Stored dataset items
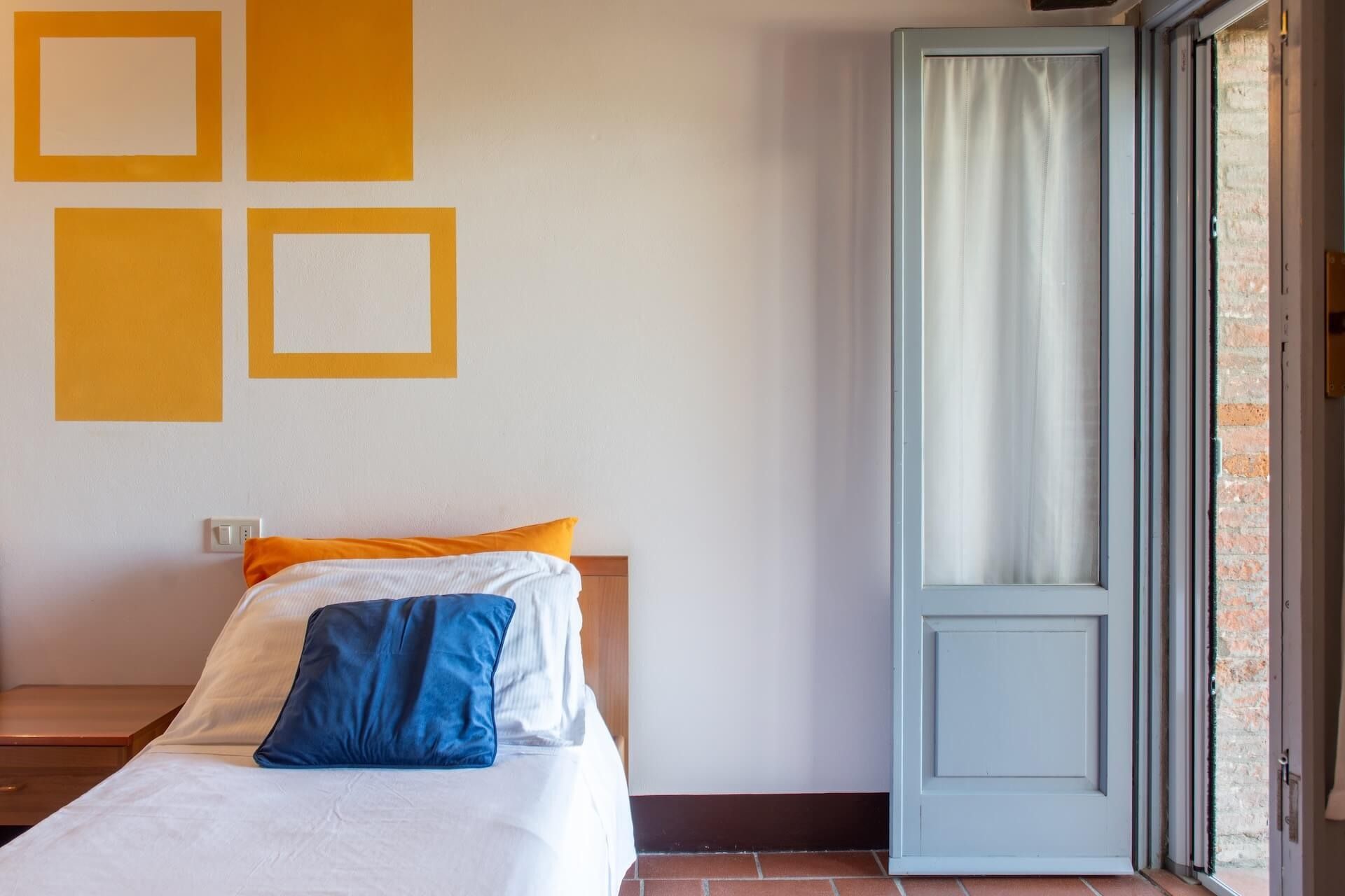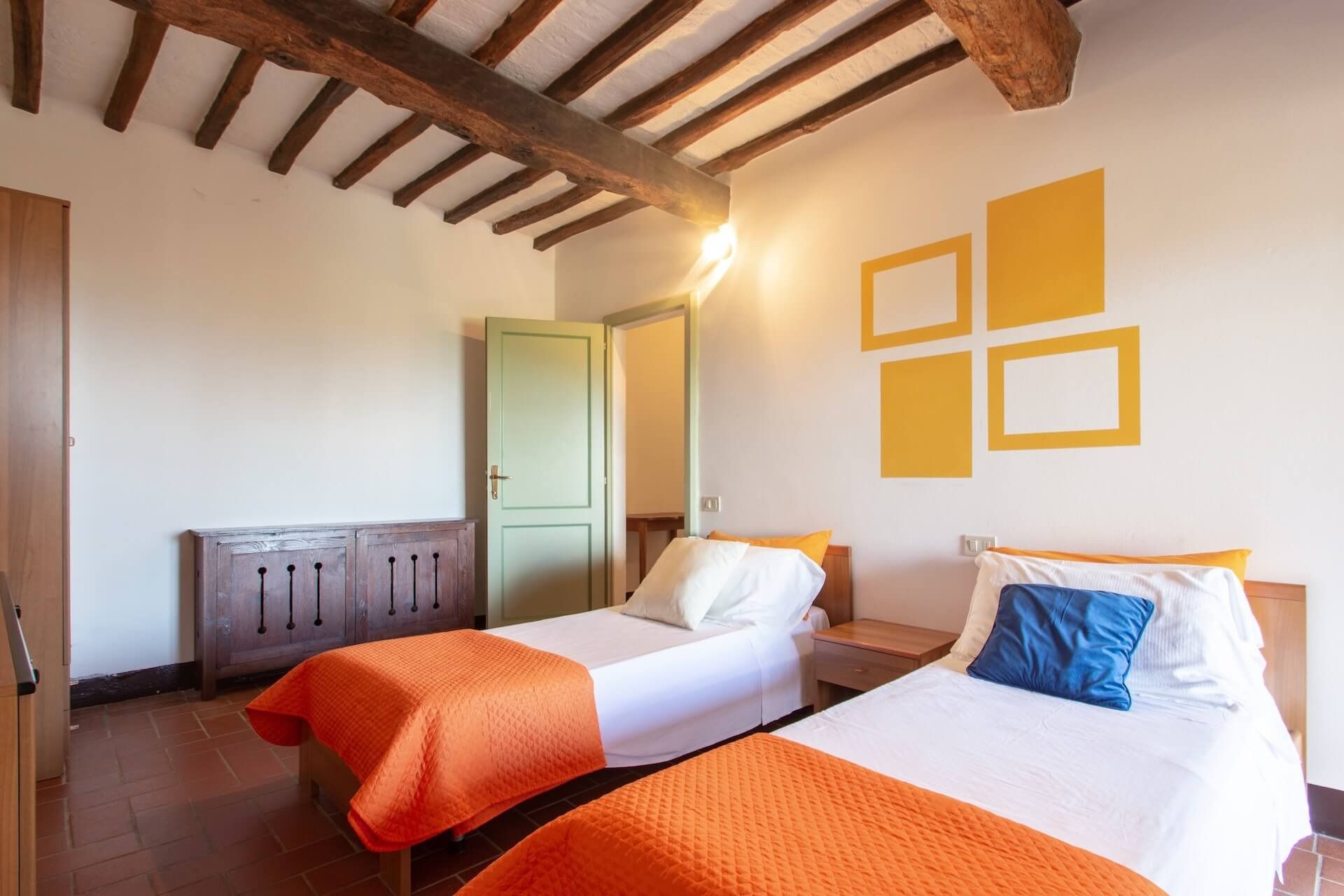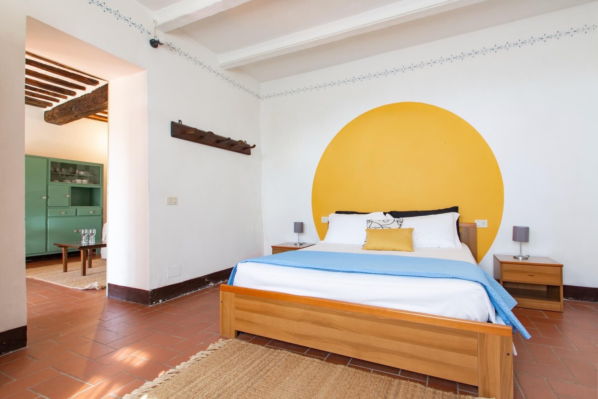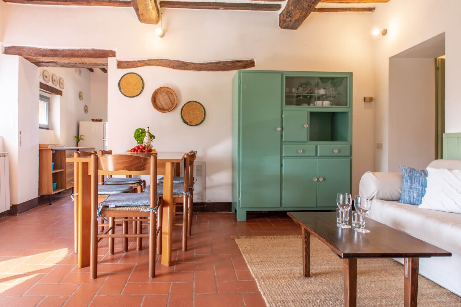This apartment is just a short walk from the medieval village of Paciano, where you’ll find a selection of local restaurants. It’s set in an old stone building with views over the Valdichiana Valley and Lake Trasimeno. Inside, it’s a little dated in places, but full of traditional charm, with wooden beamed ceilings and tiled floors. You’ll have access to a shared pool and garden with walking trails, plus your own bit of outdoor space with a dining table and veranda. At full capacity, one guest will sleep on the sofa bed in the living area, which might be a bit snug – but the setting more than makes up for it.
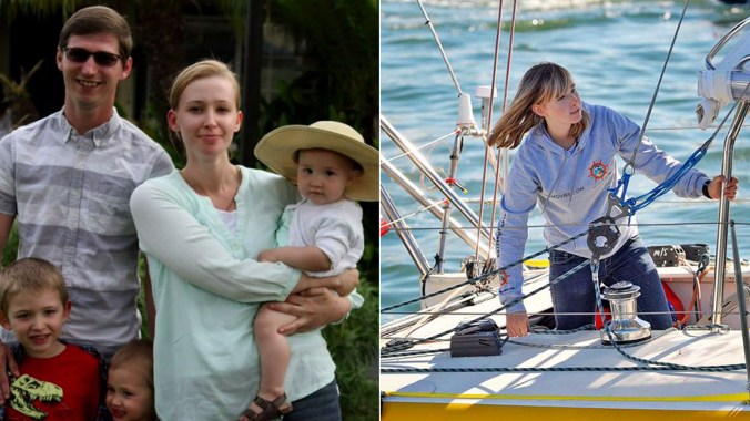 - Eric and Charlotte Kaufman, who brought their 1-year-old daughter Lyra and her 3-year-old sister, Cora along with them as they embarked in March on the great adventure of sailing across the Pacific as the first leg of a planned circumnavigation of the globe. “In a 36-foot sailboat. Alone. With a toddler. And an infant. Morons.”
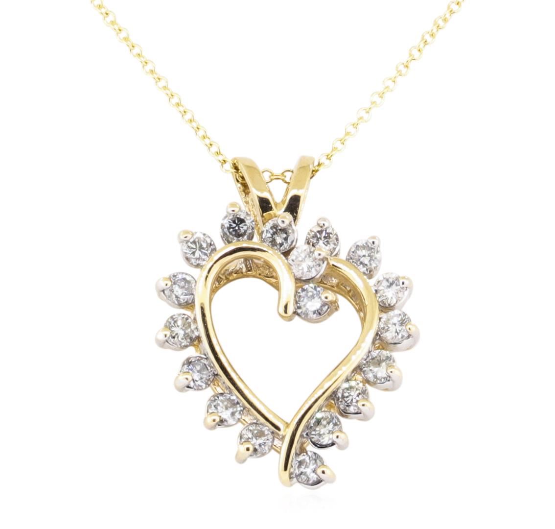 One pendant with an attached 1mm rounded cable link chain measuring sixteen inches in length featuring: 14KT yellow gold weighing 5.4 grams containing diamonds weighing 0.90ctw.
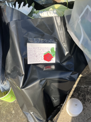Flowers, candles and messages have been laid at the scene of the collision, outside Sutcliffe Park Sports Centre.
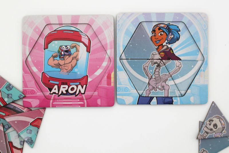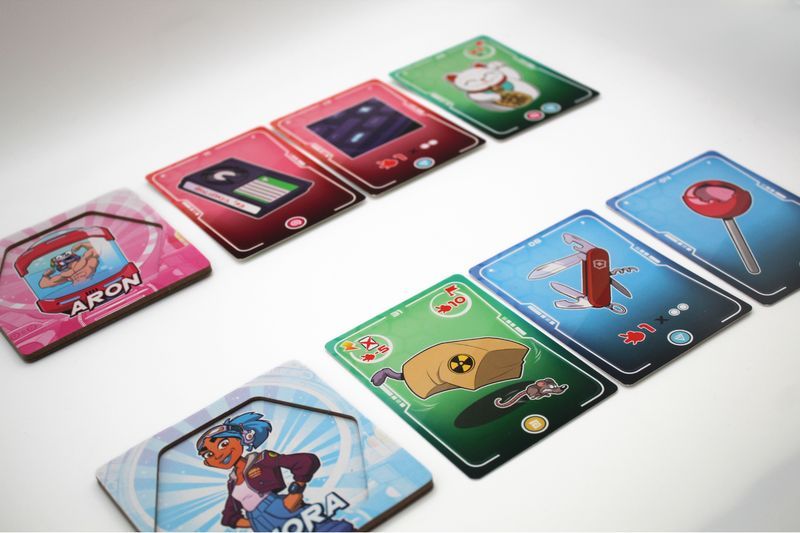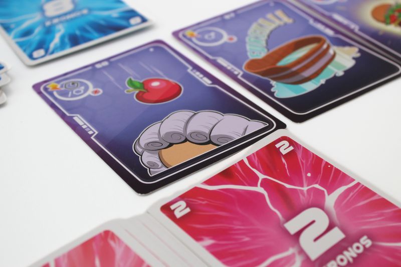 - 22 Cartas de Kronos de diferentes valores (11 fucsia para Aron y 11 azules para Nora)
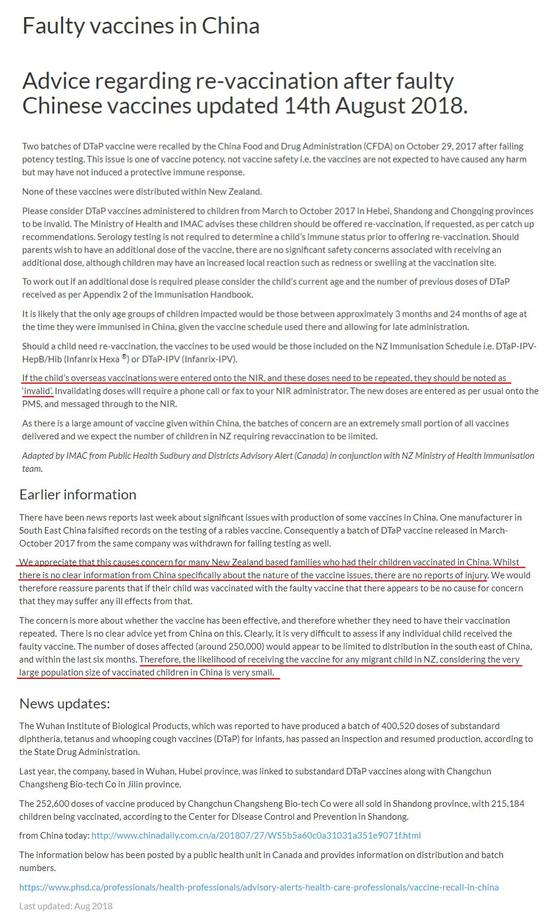 捉谣君查询新西兰免疫资讯中心的官网,却发现并没有该消息,只有一则8月14日发表的“中国疫苗有缺陷,建议重新接种的建议”(Faulty vaccines in China Advice regarding re-vaccination after faulty Chinese vaccines updated 14th August 2018。)。
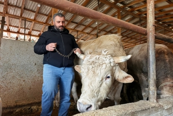Bursa'da kurbanlık hayvan satışı yapılan çiftlikteki 1 ton 100 kilo ağırlığında 'Paşa' ismi ver
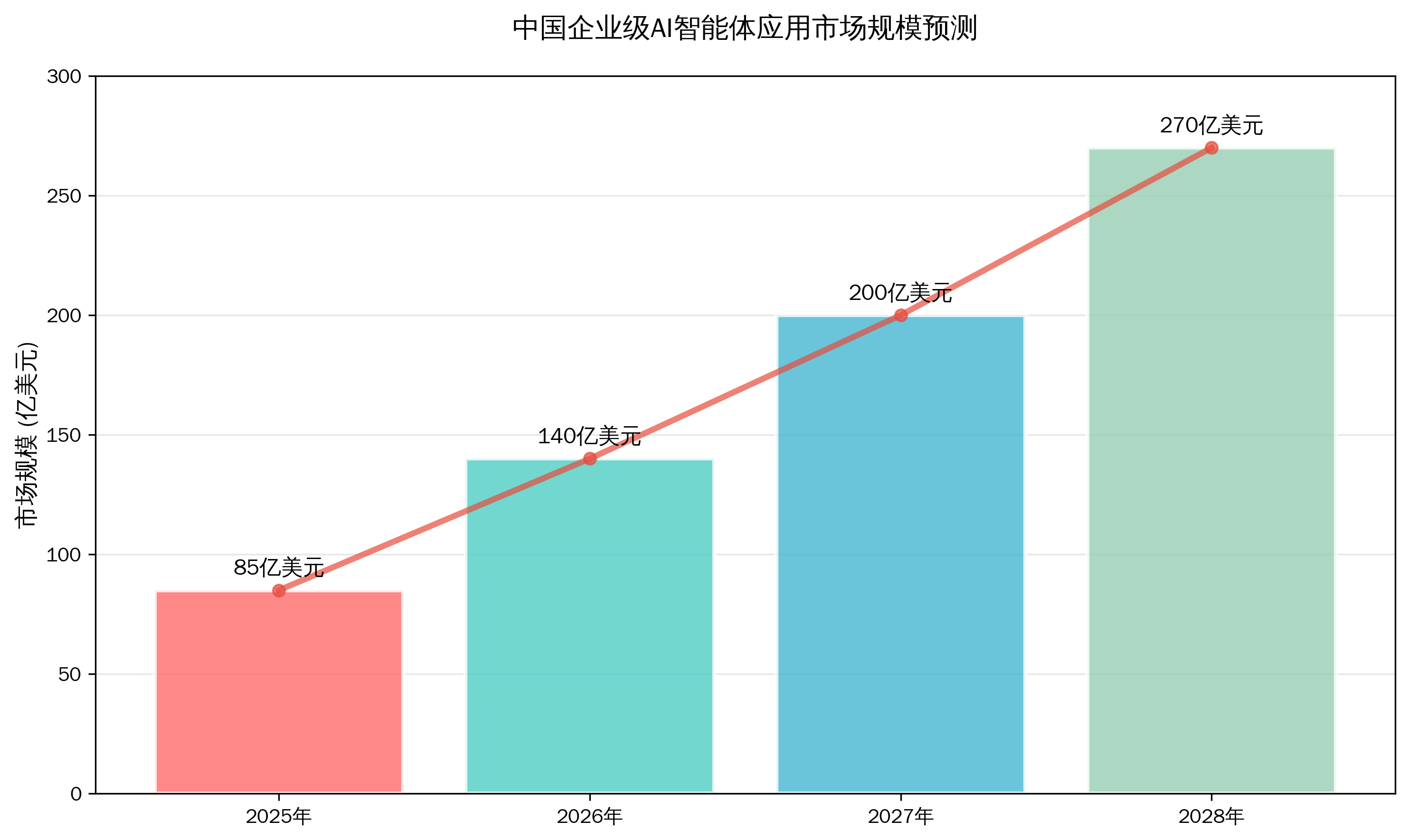 IDC预测,中国企业级Agent应用市场规模在2028年将达到270+亿美元,年复合增长率超过40%。这一增长主要由以下趋势驱动:

_Task prompt_.
Copy nothing outside the span: please output the lines from the one with "Bursa'da kurbanlık hayvan" through the end of the entries above, and skip the pictures.

_Finished exercise_.
Bursa'da kurbanlık hayvan satışı yapılan çiftlikteki 1 ton 100 kilo ağırlığında 'Paşa' ismi ver
 IDC预测,中国企业级Agent应用市场规模在2028年将达到270+亿美元,年复合增长率超过40%。这一增长主要由以下趋势驱动:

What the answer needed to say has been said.